Мария Фаддеева, Кристина Горщарук

По мнению Василия Маркова, менеджера налоговой практики Deloitte в Петербурге, в докризисные времена спрос на российский бизнес заметно превышал предложение: "Инвесторы пытались "запрыгнуть в последний вагон уходящего поезда", значения рыночных мультипликаторов при оценке зашкаливали, а продавцы бизнеса вели длительные переговоры, чтобы получить максимально выгодные для себя условия сделки". Теперь ситуация обратная: у потенциальных покупателей бизнеса пропал доступ к длинным банковским деньгам, особенно к иностранным кредитам. Одновременно бизнес, приготовленный для продажи, начал испытывать сложности и стремительно терять в стоимости. В результате, цена, которую покупатели были готовы заплатить за бизнес до кризиса, сократилась в разы. Что никак не могло устроить продавцов, уже приготовивших свои банковские счета для более изрядных вливаний.

В результате те, кто не успел продать свой бизнес до августа 2008 года на приемлемых для себя условиях, в большинстве своем не продали его вовсе. Сделки были отменены. Евгений Зверев, старший юрист "S&K Вертикаль", цитирует предпринимателя, не успевшего вовремя распорядиться своим объектом недвижимости: "...Если до кризиса мой объект стоил N миллионов, то сегодня он не имеет стоимости: покупатели не готовы купить его по справедливой (по мнению продавца. — "Ъ") цене, а я не готов продать по бросовой".

Те же, кто не отказался от идеи "продаться", оказались под жестким диктатом редких покупателей с деньгами. "Из-за кризиса преимущество сейчас у тех, кто покупает. Те, у кого есть живой кэш, могут диктовать условия", — считает Эдуард Пичугин, совладелец "Россинема инвест" и основатель "Кронверк Синема".

Редко, но метко

"Да, на данный момент на рынке осуществляется всего несколько сделок, — описывает ситуацию Флориан Шнайдер, партнер юридической фирмы Salans. — В сложной рыночной ситуации покупатель хочет сделать хорошее вложение и готов купить только качественный бизнес. Ситуация, в которой покупатель приобретает плохо организованную компанию на развивающемся рынке, вряд ли возможна во время кризиса, даже при условии наличия у него денег. Кроме того, собственники продают компании по ценам, которые по-прежнему не интересны для инвесторов".

По мнению большинства специалистов и игроков рынка слияний и поглощений, наибольшим интересом в ближайшее время будет пользоваться подвижный, быстрооборачиваемый и прозрачный бизнес. "Сейчас акценты сместились на объекты с прозрачной структурой, отсутствием скрытых обязательств (например, налоговых) и минимальным сроком окупаемости", — говорит Василий Марков.

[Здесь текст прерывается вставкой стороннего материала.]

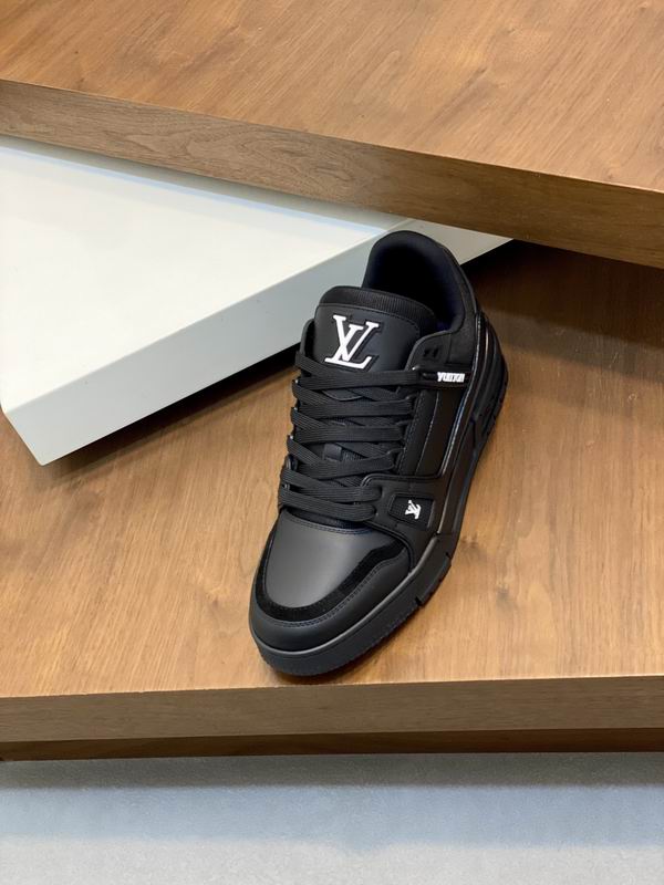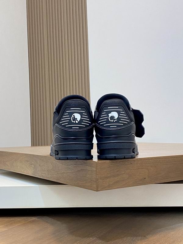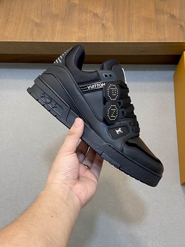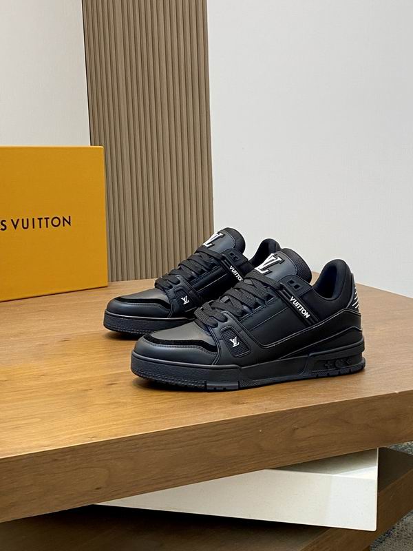 The Louis Vuitton LV Trainer Sneaker (Triple Black) is a striking tribute to one of the most coveted luxury sneaker designs in contemporary fashion. This low-top silhouette captures the essential characteristics of the original design, offering a bold and instantly recognizable aesthetic. Crafted with meticulous attention to detail, the upper features a combination of high-quality materials, with matte leather panels contrasted beautifully by subtle glossy accents around the toe box and heel. The tonal black laces and out sole complete the ‘Triple Black’ execution, creating a sleek, versatile, and monochrome look that pairs effortlessly with any high-end or casual wardrobe. Distinctive design cues, such as the prominent logo detailing on the tongue and the side branding, are faithfully incorporated, allowing the wearer to embrace the essence of luxury street style without compromise. The construction prioritizes both style and durability, ensuring that these sneakers can stand up to daily wear while maintaining their sophisticated appeal. The padded collar and cushioned insole are designed to provide a comfortable fit, making these an excellent choice for navigating the urban landscape in style. These sneakers are for the fashion-conscious individual who appreciates iconic design and premium quality at an accessible price point.

Эдуард Пичугин считает, что самый интересный бизнес в сложившейся ситуации — тот, который ежедневно создает денежный поток. Но именно такой "подвижный" бизнес, как правило, и представляет собой не "имущество", а только налаженную технологию работы. Поэтому покупать его нужно очень аккуратно: деньги приносит сложная система, и ее важно не сломать. "Бизнес — это денежный поток, — говорит господин Пичугин, — продается, по сути, именно он и то, что может его генерировать. Если это недвижимость или завод с известной мощностью, то здесь все более или менее понятно. А в таком бизнесе, как, к примеру, у меня (сеть кинотеатров), то, что генерирует денежный поток, — это бренд, команда и отлаженная система работы. Статическую, самостоятельную стоимость здесь имеет только оборудование, так как недвижимость в аренде. И стоимость одного только оборудования, естественно, несравнимо меньше, чем стоимость бизнеса в целом".

Самобытные черты

В России в кризис дело не ограничилось общей для всего мира тенденцией — формированием рынка покупателя. Отечественный рынок слияний и поглощений всегда был весьма самобытен, и в ходе кризиса специфичность свою только увеличил. Кроме непрозрачности структуры собственности множества компаний, исторически высокой рейдерской активности и проблем с полноценностью юридической базы, появись новые черты и особенности, продиктованные экономическими потрясениями.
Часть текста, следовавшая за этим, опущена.